Something happened today I was hoping to avoid. I was beginning to believe I would escape this. However, today the reckoning was at hand. It went something like this:
Tiggy: We need to have a talk, Keen. Have a seat.
Me: Oh wow, Tiggy, I’m pretty busy right now. Can it wait?
Tiggy: Have a seat, I said.
So, I sit down on my barn chair. He jumps onto my lap, purring, and puts his face close to mine.
Tiggy: I’ve been overhearing some talk among the wooly fools. Normally I don’t put much stock in what they have to say. But what I’m hearing from the bird brains coincides. Can you guess what that might be, Keen?
Me (nervously laughing): Gee, Tiggy, I can’t imagine what the sheep and the hens have in common to talk about besides filling their bellies. Heh heh heh.
Tiggy (kneading my legs): Heh heh. Well, it seems they all agree that maybe YOU might know something about certain odd happenings…
Me: Odd happenings? Me? I don’t know….
Tiggy: You are aware of a certain patch of…vegetation…outside the barn that is very precious to me?
Me: Your catnip? Yes. What about it?
Tiggy (kneading harder): This VEGETATION is VERY precious to me.
Me (swallowing): I know there is a lot of it. Plenty for…
Tiggy: Were you aware that I value every stem? Ever blossom? Every leaf?
Me: It never occu…
Tiggy: That it would upset me tremendously if ANYONE were to disturb my precious vegetation?
Me: You have so much of it, it just seemed to me…
Tiggy (really digging into my legs now): You know, Keen, when I moved here last year and decided to adopt you as my own precious human, it was with the understanding that you were a human I could TRUST. (Tapping my face gently with his paw) You and me, we are FAMILY now! That means we look out for each other, right?
Me: Of course, Tiggy, I will always look out for you!
Tiggy (nose to nose with me now, looking straight into my eyes): It also means we look out for each other’s interests. Isn’t that right, Keen?

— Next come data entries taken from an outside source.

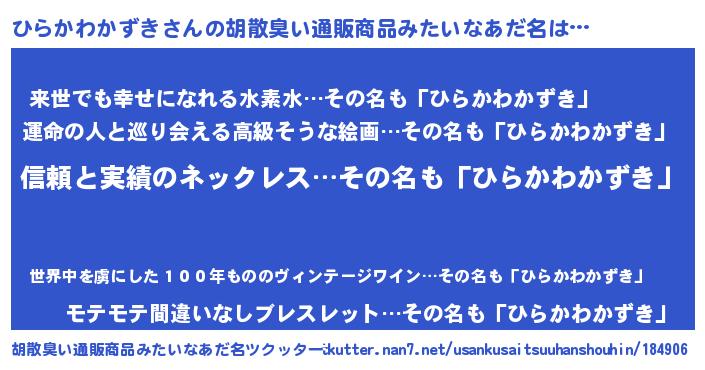 | ヘコむあだ名 | 『ひらっぺ』『ひらかわかずき(震え声)』 |
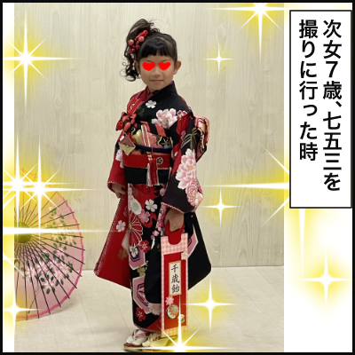 厳密にいうと、七五三って数え年でやるらしいから、次男はあってるけど、次女は去年だったっていうね☆
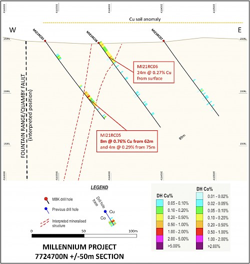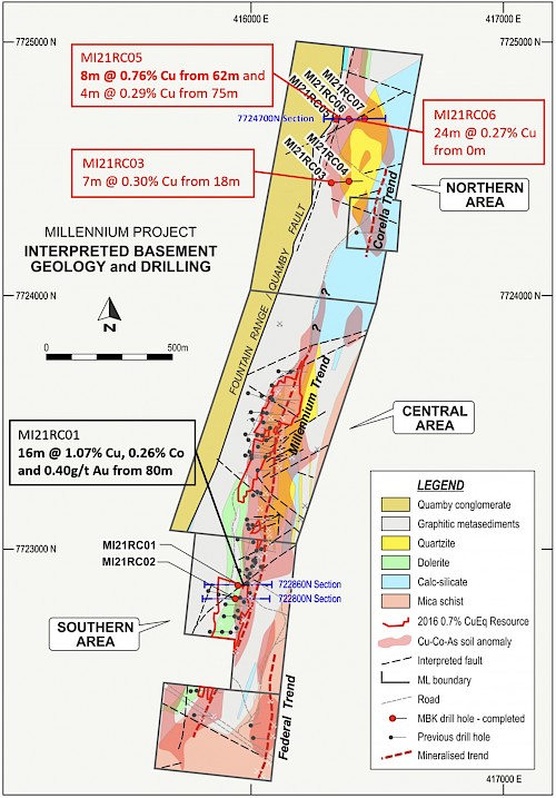 First-pass drilling in the Northern Area for (MI21RC03-07) has been completed, testing anomalous surface Co-Cu geochemistry, previously mapped geological units and structures similar to mineralisation features in the Southern and Central Areas. This area is approximately 800-1000m north along strike, has had no previous drilling and does not form part of the existing Millennium resource. Drilling was conducted in two fences on two lines 250m apart.
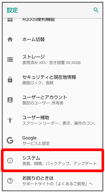 AndroidTM 8.0からAndroidTM 9へバージョンアップする

Me (what else COULD I say?): Yes, Tiggy. Of course. ~Gulp~
Tiggy: So, in future you will remember to inform me of ANY encroachments on my precious vegetation.
It was not a question. He then proceeded to hop off my lap and saunter outside. It was a fairly cool day today, but I was sweating. Ohhh, Casey, please please please stay out of Tiggy‘s catnip! You are my family, too. Don’t make me turn into a “rat”! You should know better than to mess with drugs any way. I’m begging you, Casey, to “nip” this in the bud, before things get worse. No good can come from this!
Tiggy is definitely suspicious. He asked the hens to keep an eye on his catnip today. Didn’t really work out too well for him, though. The hens have no personal interest in catnip. (Their drug of choice is an occasional sip of the fermented apple juice that drips out of the bottom of the apple tub.) And they are easily distracted. They all wandered off after about 10 minutes. Tiggy was not happy. Eventually he had to keep guard himself.